The Effect of Hypothyroidism on a Composite of Mortality, Cardiovascular and Wound Complications After Noncardiac Surgery: A Retrospective Cohort Analysis

Ryu Komatsu, Jing You, Edward J Mascha, Daniel I Sessler, Yusuke Kasuya, Alparslan Turan
Anesthesia and Analgesia 2015, 121 (3): 716-26

BACKGROUND: We tested the hypothesis that hypothyroidism, as defined by thyroid-stimulating hormone (TSH) concentration, is associated with a severity-weighted composite of mortality and major cardiovascular and infectious complications after noncardiac surgery.

METHODS: In this retrospective cohort study, we evaluated adults at the Cleveland Clinic Main Campus between 2005 and 2012, who had had available TSH concentrations within the 6 months before noncardiac surgery. Patients were categorized as (1) hypothyroid (patients who had diagnosis of hypothyroidism any time prior to surgery and increased TSH value (> 5.5 mIU/L) within 6 months prior to surgery); (2) treated (hypothyroid diagnosis and normal TSH concentrations [0.4-5.5 mIU/L]); and (3) euthyroid (no hypothyroid diagnosis and normal TSH concentrations). We conducted pairwise comparisons among the 3 groups using inverse propensity score weighting to control for observed confounding variables. Average relative effect generalized estimating equation model was used for the primary outcome composite of in-hospital cardiovascular morbidity, surgical wound complication or infection, and mortality. Logistic regression and Cox proportional hazards regression were used for secondary outcomes of intraoperative vasopressor use and duration of hospitalization, respectively.

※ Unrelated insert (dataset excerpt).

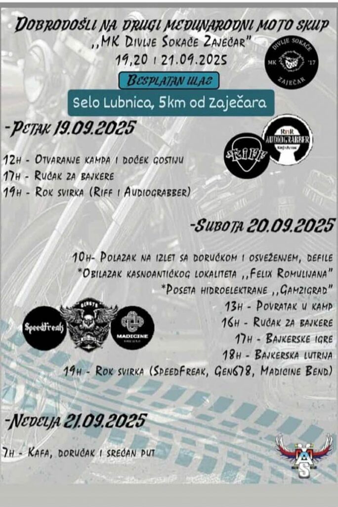 Dugi međunarodni moto skup u organizaciji Moto kluba “Divlje sokače”, biće organizovan 19, 20 i 21. septembra, u Lubnici pored Zaječara.

RESULTS: We identified 800 hypothyroid patients (median TSH: 8.6 mIU/L [Q1, Q3: 6.5, 13.0]), 1805 treated patients (2.0 mIU/L [1.1, 3.2]), and 5612 euthyroid patients (1.7 mIU/L [1.1, 2.6]). There were no significant differences among the hypothyroid, treated, and euthyroid patients on the primary composite outcome (all P values ≥0.30). Hypothyroid patients were slightly more likely to receive vasopressor during surgery than either treated (odds ratio, 1.17; 99.2% confidence interval [CI], 1.01-1.36) or euthyroid (odds ratio, 1.12; 99.2% CI, 1.02-1.24) patients. Furthermore, hypothyroid patients were slightly but significantly less likely to be discharged at any given postoperative time than treated patients (hazard ratio, 0.92; 99.2% CI, 0.86-0.99).

CONCLUSIONS: Hypothyroidism was not associated with worse postoperative mortality, wound, or cardiovascular outcomes in noncardiac patients. Thus, postponing surgery to initiate thyroid replacement therapy in patients with hypothyroidism seems unnecessary.